En diversifiant son alimentation, on diminue le risque de carences en certaines vitamines et minéraux. Les plus fréquemment constatées chez la personne âgée sont les suivantes :

• Les vitamines du groupe B (B1, B3, B6, B9 et B12 notamment, cette dernière n’existant que dans les produits d’origine animale), qui jouent un rôle important sur la cognition, que l’on trouve dans la viande, le poisson, les abats, les oeufs, les fruits (banane, orange) les légumes (chou-fleur, épinard, lentilles), le pain complet, les levures, etc.
• La vitamine C, qui a un rôle immunitaire fondamental, que l’on trouve dans les fruits et légumes, notamment les agrumes, le kiwi, les choux ou les poivrons.
• La vitamine D, qui permet en particulier de fixer le calcium sur les os, que l’on trouve dans le beurre, les champignons, les sardines, les harengs, le jaune d’oeuf.. Malgré cela, l’alimentation est souvent dans l’incapacité d’assurer un niveau nécessaire en vitamine D, surtout avec l’âge, et une supplémentation peut alors devenir nécessaire.
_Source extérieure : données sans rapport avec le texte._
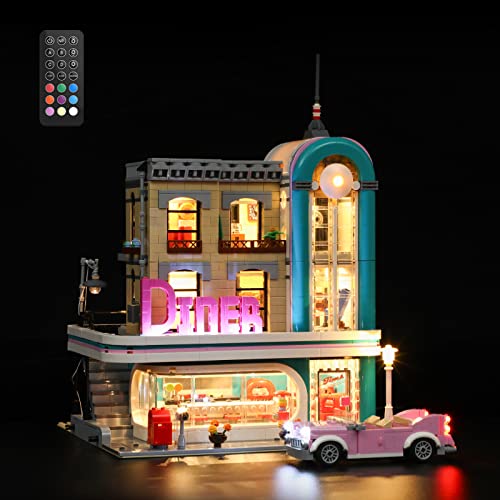 GEAMENT Set di Luci LED (Telecomando) Compatibile Con LEGO Downtown Diner - Kit Di Illuminazione per Creator 10260 Modello da Costruire (Modello di mattoncini non incluso)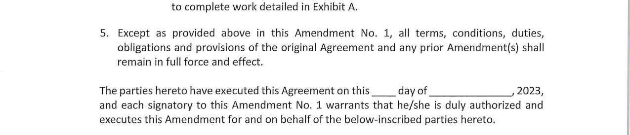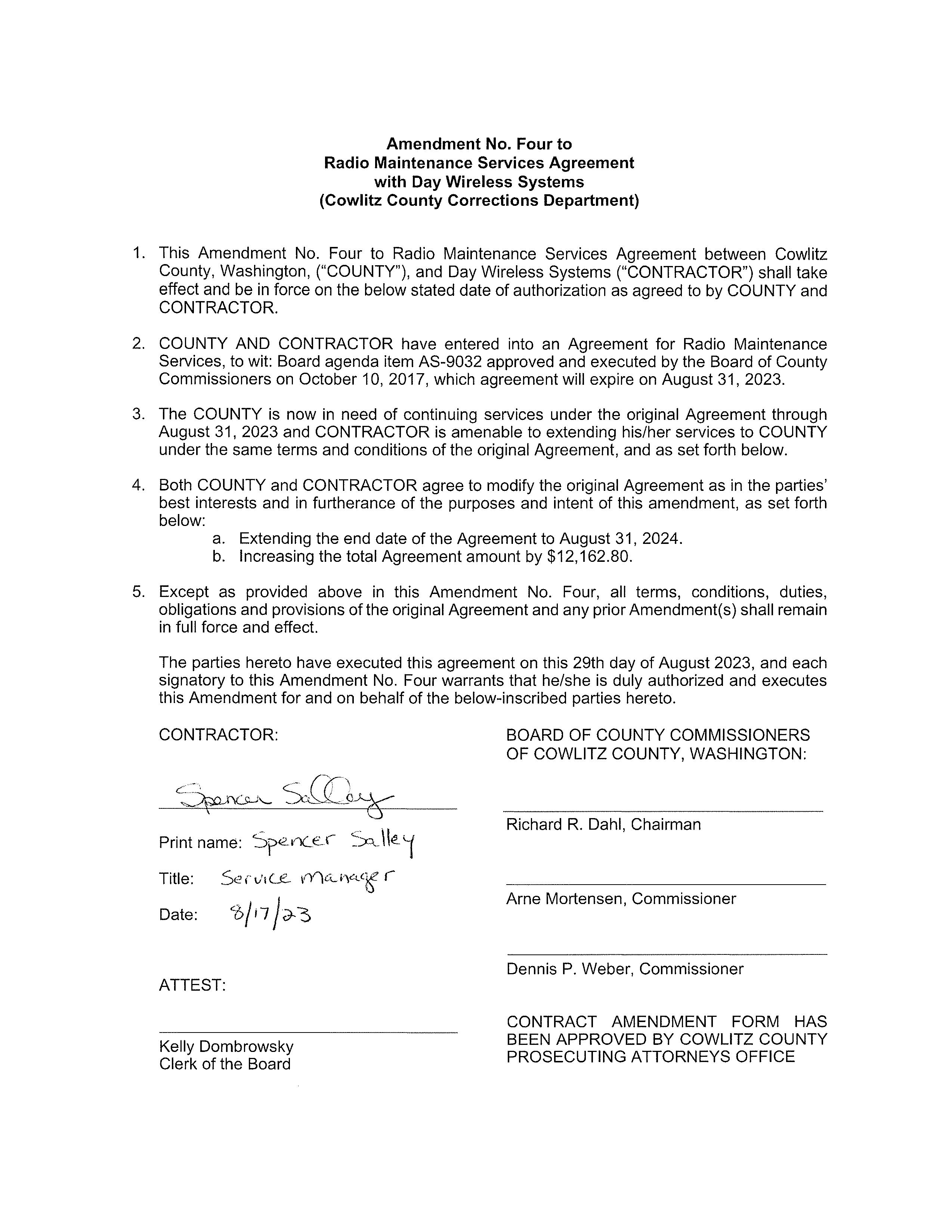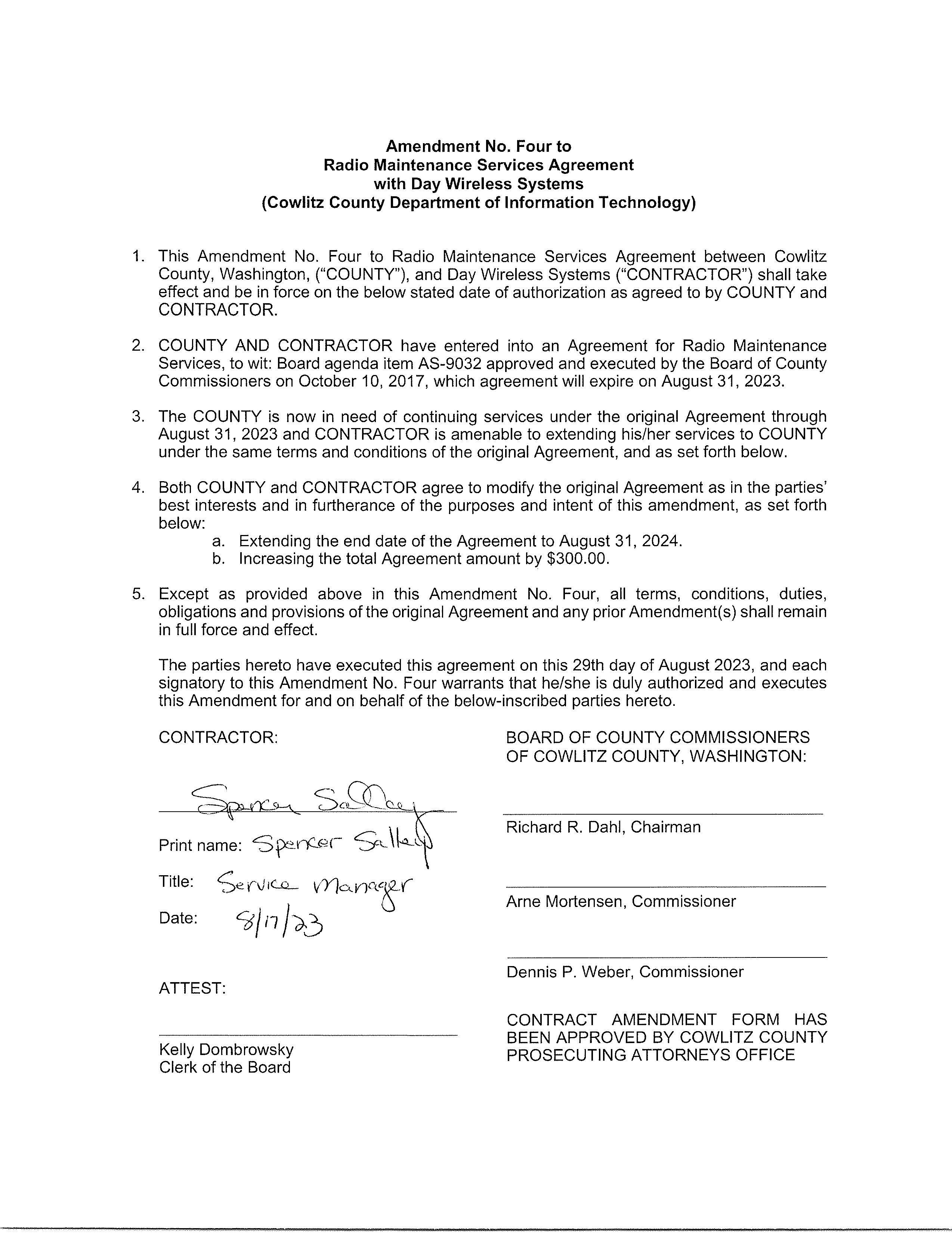 4. Amendment No. 4 to the Personal Services Agreements with Day Wireless Systems for radio services and maintenance for one additional year for an end date of August 31, 2024. The total for all 2023-2024 agreements is $27,453.59, an increase of $592.88.

• Le sélénium, indispensable au fonctionnement du cerveau et qui contribue à lutter contre le stress oxydatif, que l’on trouve dans les produits laitiers, les viandes, les fruits de mer, les céréales complètes, etc. La supplémentation en sélénium, si elle s’avère nécessaire, doit être contrôlée, car des apports en excès sont toxiques et la marge thérapeutique étroite.
 
Règle n°4
Veiller à boire suffisamment, entre 1 et 1,5 litre par jour. La sensation de soif diminue avec l’avancée en âge mais l’organisme ne peut pas fonctionner correctement s’il n’est pas correctement hydraté.
 
Règle n°5
Ne pas négliger le plaisir que peut générer l’alimentation : un « bon produit », c’est celui qui est « bon » pour la santé, mais aussi bon pour le moral. Le plaisir est un facteur déterminant permettant de maintenir l’envie de manger, parfois mise à mal avec l’avancée en âge. Ce plaisir passe aussi par la convivialité : repas en famille, entre amis, voisins, au restaurant… sont à favoriser, dans la mesure du possible.